* [How to complete this task] What is needed here is an exact repetition of the records below, beginning at the line that has "①高台用に少し土を取ります" and stopping after the line that has "Figure 1 - Le".

* [The records]

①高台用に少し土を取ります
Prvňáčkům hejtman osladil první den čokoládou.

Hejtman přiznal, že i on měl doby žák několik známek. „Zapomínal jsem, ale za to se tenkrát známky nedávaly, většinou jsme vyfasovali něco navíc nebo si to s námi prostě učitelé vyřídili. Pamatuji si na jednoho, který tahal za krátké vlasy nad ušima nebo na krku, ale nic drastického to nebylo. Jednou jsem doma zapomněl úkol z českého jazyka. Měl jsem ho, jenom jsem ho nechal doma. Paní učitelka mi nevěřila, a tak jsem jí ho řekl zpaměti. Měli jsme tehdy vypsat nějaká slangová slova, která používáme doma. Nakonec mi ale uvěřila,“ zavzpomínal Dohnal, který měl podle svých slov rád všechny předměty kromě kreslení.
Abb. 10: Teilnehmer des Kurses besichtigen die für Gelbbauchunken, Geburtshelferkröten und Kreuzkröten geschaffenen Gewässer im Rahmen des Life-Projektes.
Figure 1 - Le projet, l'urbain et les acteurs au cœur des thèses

---

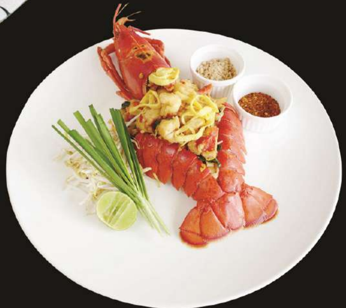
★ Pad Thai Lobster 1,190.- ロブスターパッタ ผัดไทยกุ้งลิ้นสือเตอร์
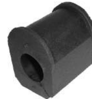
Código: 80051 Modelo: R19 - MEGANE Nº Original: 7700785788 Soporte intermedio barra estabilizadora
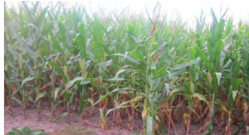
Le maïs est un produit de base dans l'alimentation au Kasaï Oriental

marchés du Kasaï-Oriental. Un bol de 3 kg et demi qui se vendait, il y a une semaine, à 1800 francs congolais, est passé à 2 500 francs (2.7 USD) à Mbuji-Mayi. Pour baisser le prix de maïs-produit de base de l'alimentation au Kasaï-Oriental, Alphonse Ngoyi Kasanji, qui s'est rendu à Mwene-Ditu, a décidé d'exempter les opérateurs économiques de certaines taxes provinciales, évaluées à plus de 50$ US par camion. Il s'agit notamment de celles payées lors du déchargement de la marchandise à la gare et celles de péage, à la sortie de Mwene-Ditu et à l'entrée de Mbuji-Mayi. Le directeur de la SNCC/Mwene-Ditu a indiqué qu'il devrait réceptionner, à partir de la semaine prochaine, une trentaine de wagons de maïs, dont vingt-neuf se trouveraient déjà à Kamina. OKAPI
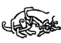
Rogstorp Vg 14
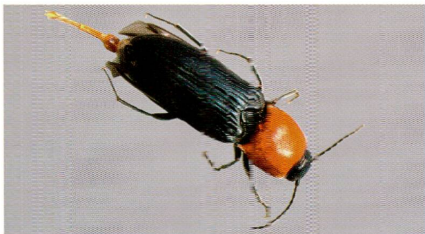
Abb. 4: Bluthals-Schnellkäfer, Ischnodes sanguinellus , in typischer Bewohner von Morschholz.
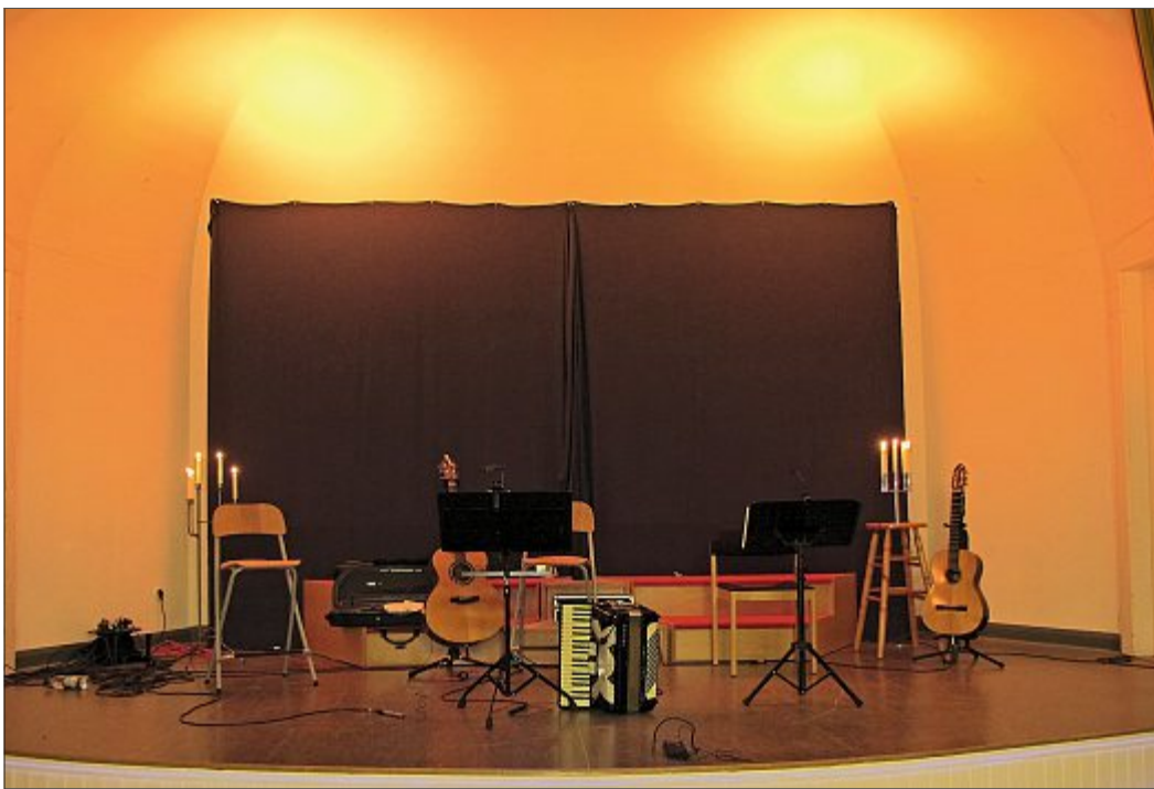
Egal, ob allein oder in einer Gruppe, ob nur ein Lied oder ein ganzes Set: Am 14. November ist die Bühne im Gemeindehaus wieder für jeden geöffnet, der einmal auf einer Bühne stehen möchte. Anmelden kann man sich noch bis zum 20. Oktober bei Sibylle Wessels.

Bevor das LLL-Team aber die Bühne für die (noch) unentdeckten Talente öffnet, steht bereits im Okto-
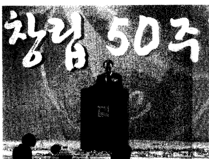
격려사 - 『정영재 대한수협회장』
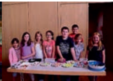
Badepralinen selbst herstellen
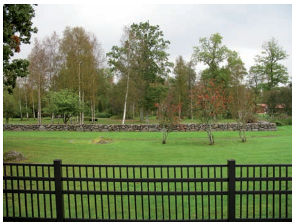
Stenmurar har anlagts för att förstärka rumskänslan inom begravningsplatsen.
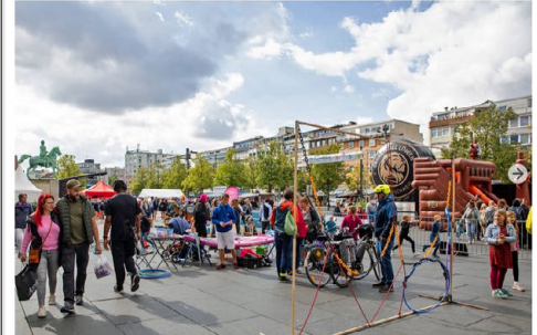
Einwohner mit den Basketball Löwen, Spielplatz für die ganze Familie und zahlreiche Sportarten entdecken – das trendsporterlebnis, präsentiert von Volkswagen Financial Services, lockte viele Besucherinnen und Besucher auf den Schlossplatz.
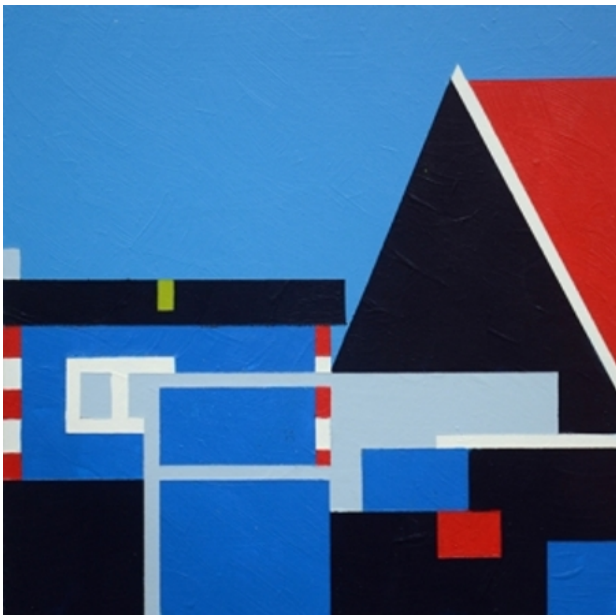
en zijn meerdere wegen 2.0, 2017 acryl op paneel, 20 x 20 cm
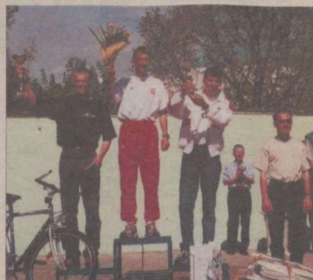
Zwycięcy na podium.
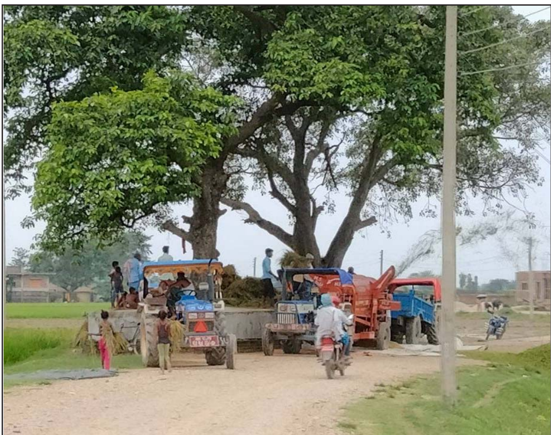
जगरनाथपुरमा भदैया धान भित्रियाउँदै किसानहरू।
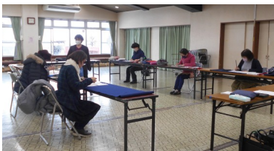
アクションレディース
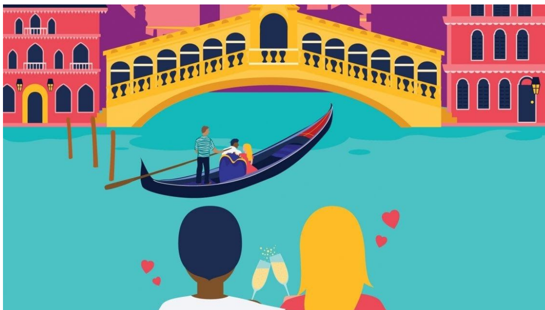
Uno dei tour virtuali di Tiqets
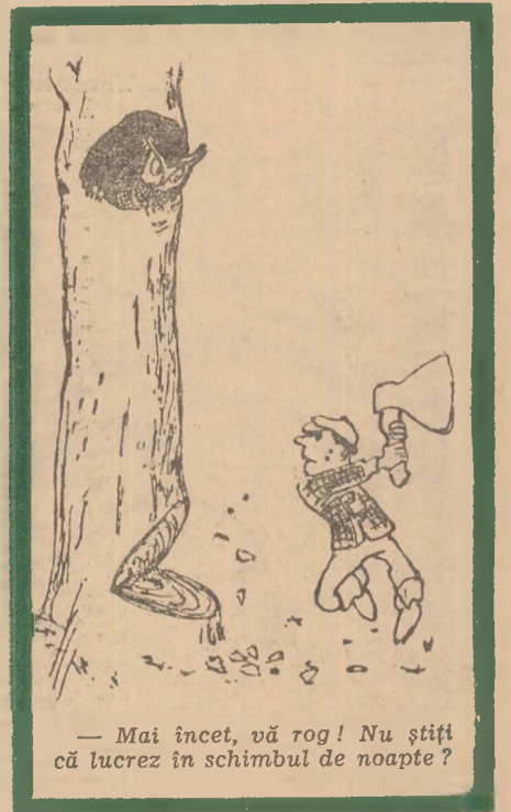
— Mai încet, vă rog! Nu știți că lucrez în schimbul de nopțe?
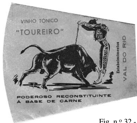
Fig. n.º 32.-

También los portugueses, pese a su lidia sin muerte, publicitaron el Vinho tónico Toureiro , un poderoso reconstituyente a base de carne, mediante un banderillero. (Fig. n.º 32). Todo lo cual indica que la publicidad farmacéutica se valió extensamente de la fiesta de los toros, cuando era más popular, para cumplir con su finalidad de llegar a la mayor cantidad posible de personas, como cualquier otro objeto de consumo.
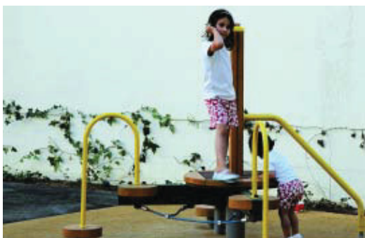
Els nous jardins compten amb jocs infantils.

* [Exercise solution]
①高台用に少し土を取ります
Prvňáčkům hejtman osladil první den čokoládou.

Hejtman přiznal, že i on měl doby žák několik známek. „Zapomínal jsem, ale za to se tenkrát známky nedávaly, většinou jsme vyfasovali něco navíc nebo si to s námi prostě učitelé vyřídili. Pamatuji si na jednoho, který tahal za krátké vlasy nad ušima nebo na krku, ale nic drastického to nebylo. Jednou jsem doma zapomněl úkol z českého jazyka. Měl jsem ho, jenom jsem ho nechal doma. Paní učitelka mi nevěřila, a tak jsem jí ho řekl zpaměti. Měli jsme tehdy vypsat nějaká slangová slova, která používáme doma. Nakonec mi ale uvěřila,“ zavzpomínal Dohnal, který měl podle svých slov rád všechny předměty kromě kreslení.
Abb. 10: Teilnehmer des Kurses besichtigen die für Gelbbauchunken, Geburtshelferkröten und Kreuzkröten geschaffenen Gewässer im Rahmen des Life-Projektes.
Figure 1 - Le projet, l'urbain et les acteurs au cœur des thèses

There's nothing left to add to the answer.